DATA SHOWN

====================

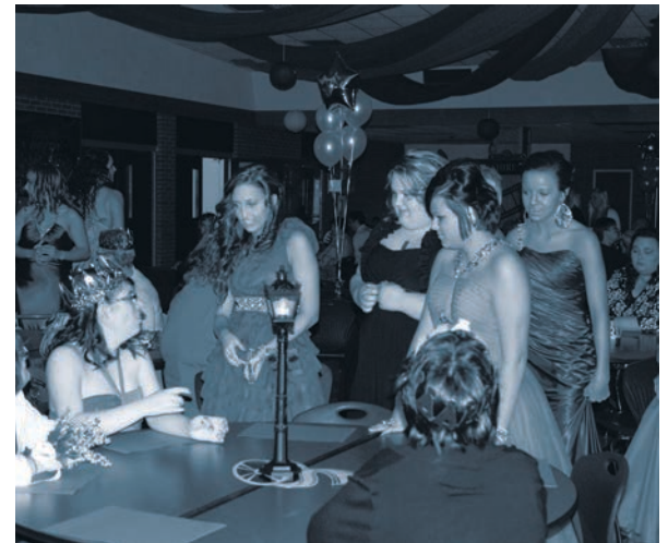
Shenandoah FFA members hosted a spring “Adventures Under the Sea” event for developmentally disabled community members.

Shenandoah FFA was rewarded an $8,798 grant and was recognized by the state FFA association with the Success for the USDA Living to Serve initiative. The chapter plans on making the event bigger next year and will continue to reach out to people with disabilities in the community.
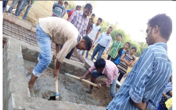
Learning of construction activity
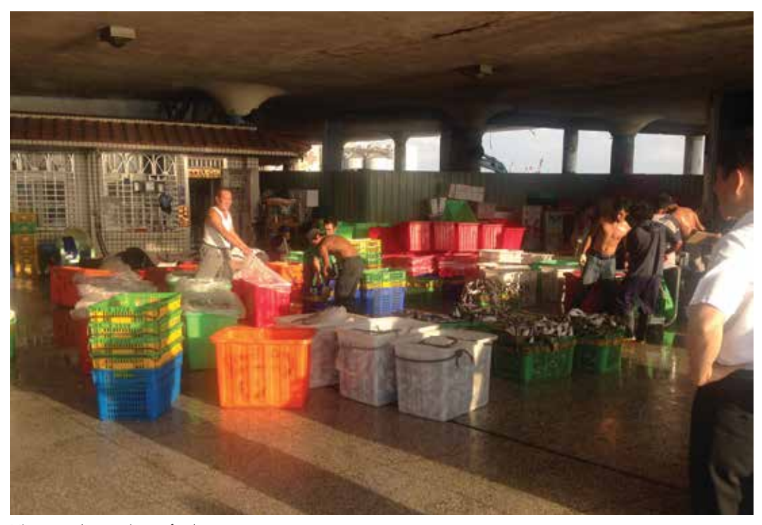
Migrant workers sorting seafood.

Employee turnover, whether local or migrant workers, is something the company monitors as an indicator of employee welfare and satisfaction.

====================

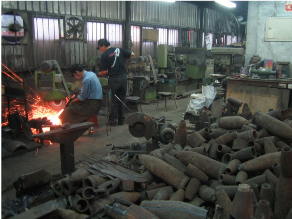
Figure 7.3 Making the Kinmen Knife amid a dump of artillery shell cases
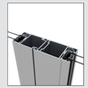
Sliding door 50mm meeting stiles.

====================

DIRECTIONS FOR THIS TASK
Look through the entries above, and wherever a line holds the string "community", copy it.

FINISHED EXERCISE
Shenandoah FFA members hosted a spring “Adventures Under the Sea” event for developmentally disabled community members.
Shenandoah FFA was rewarded an $8,798 grant and was recognized by the state FFA association with the Success for the USDA Living to Serve initiative. The chapter plans on making the event bigger next year and will continue to reach out to people with disabilities in the community.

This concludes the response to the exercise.